From: Martin Duerst (duerst@w3.org)
Date: Mon Jan 24 2005 - 02:24:31 CST
At 03:18 05/01/20, Oliver Christ wrote:
>
>> UTF-8 BOM's seem pointless.
>
>On the very contrary. It's most helpful to determine a text file's
>encoding. Without the UTF8 BOM it's hard to tell whether a file is
>encoded in some ISO or whatever encoding/codepage or is already UTF8.
>I'm grateful every day that .Net by default prefixes UTF8-encoded text
>files with a UTF8 BOM, and IMO the UTF8 BOM should be part of the
>standard or at least be generally applied best practice. It simplifies
>at least part of the problem if you have to deal with thousands of files
>(or char strings [such as file names ;-) ], for that matter) of which
>you don't know the encoding.
>
>I agree that "byte order" is misleading in the case of UTF8 but in
>practice it's a blessing.
Two issues here:
1) The BOM only allows to distinguish between UTF-8 and ONE legacy encoding.
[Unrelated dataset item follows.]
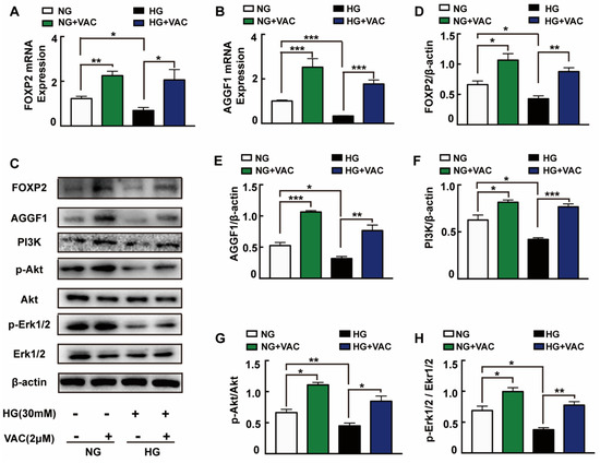 Through activating Akt and inhibiting reactive oxygen species generation, AGGF1 reduced the damaging effects of hyperglycemia on endothelial progenitor cells (EPCs) in vivo [23]. AGGF1 inhibited the NF-κB signaling via inactivation of the ERK pathway to lessen inflammation in a mouse hind limb ischemia model [24]. These studies indicate that AGGF1 may be an upstream regulatory protein of the PI3K/Akt and Erk1/2 pathways. Qianru He et al. reported that the silencing of FOXP1/FOXP2 downregulated the expression of AGGF1, reduced the viability, migration, and tube formation in U87 glioma-exposed endothelial cells [13]. We wondered whether VAC could promote PI3K/Akt and Erk1/2 phosphorylation and cell migration by regulating FOXP2/AGGF1. Subsequently, the mRNA and protein expression of FOXP2 and AGGF1 were detected. We found that HG strongly inhibited FOXP2 and AGGF1 expression both on transcription and protein levels (p < 0.05, Figure 3A–E), whereas being treated with VAC increased those expressions (p < 0.05, Figure 3C–E).

When transitioning from a local legacy encoding to UTF-8 in a limited
context, this will work. In a wider context (e.g. as soon as you have
to deal with more than one legacy encoding, e.g. iso-8859-1 and
iso-8859-2), it won't work anymore.
2) It's not true that the BOM it is necessary to determine that a file is
encoded as UTF-8. UTF-8 byte patterns are extremely specific, and extremely
rare in any other encoding. For details, see
http://www.ifi.unizh.ch/mml/mduerst/papers/PDF/IUC11-UTF-8.pdf.
This may occasionally not work well for very small pieces of text,
but then I'm not aware of tools using the UTF-8 BOM for such small
pieces either.
I think that notepad actually is able to use the UTF-8 detection
algorithm, at least in some cases, but I might be wrong. If it doesn't
yet, it would be great if a future version did. It would also be great
if a future version provided a setting to be able to not produce a BOM.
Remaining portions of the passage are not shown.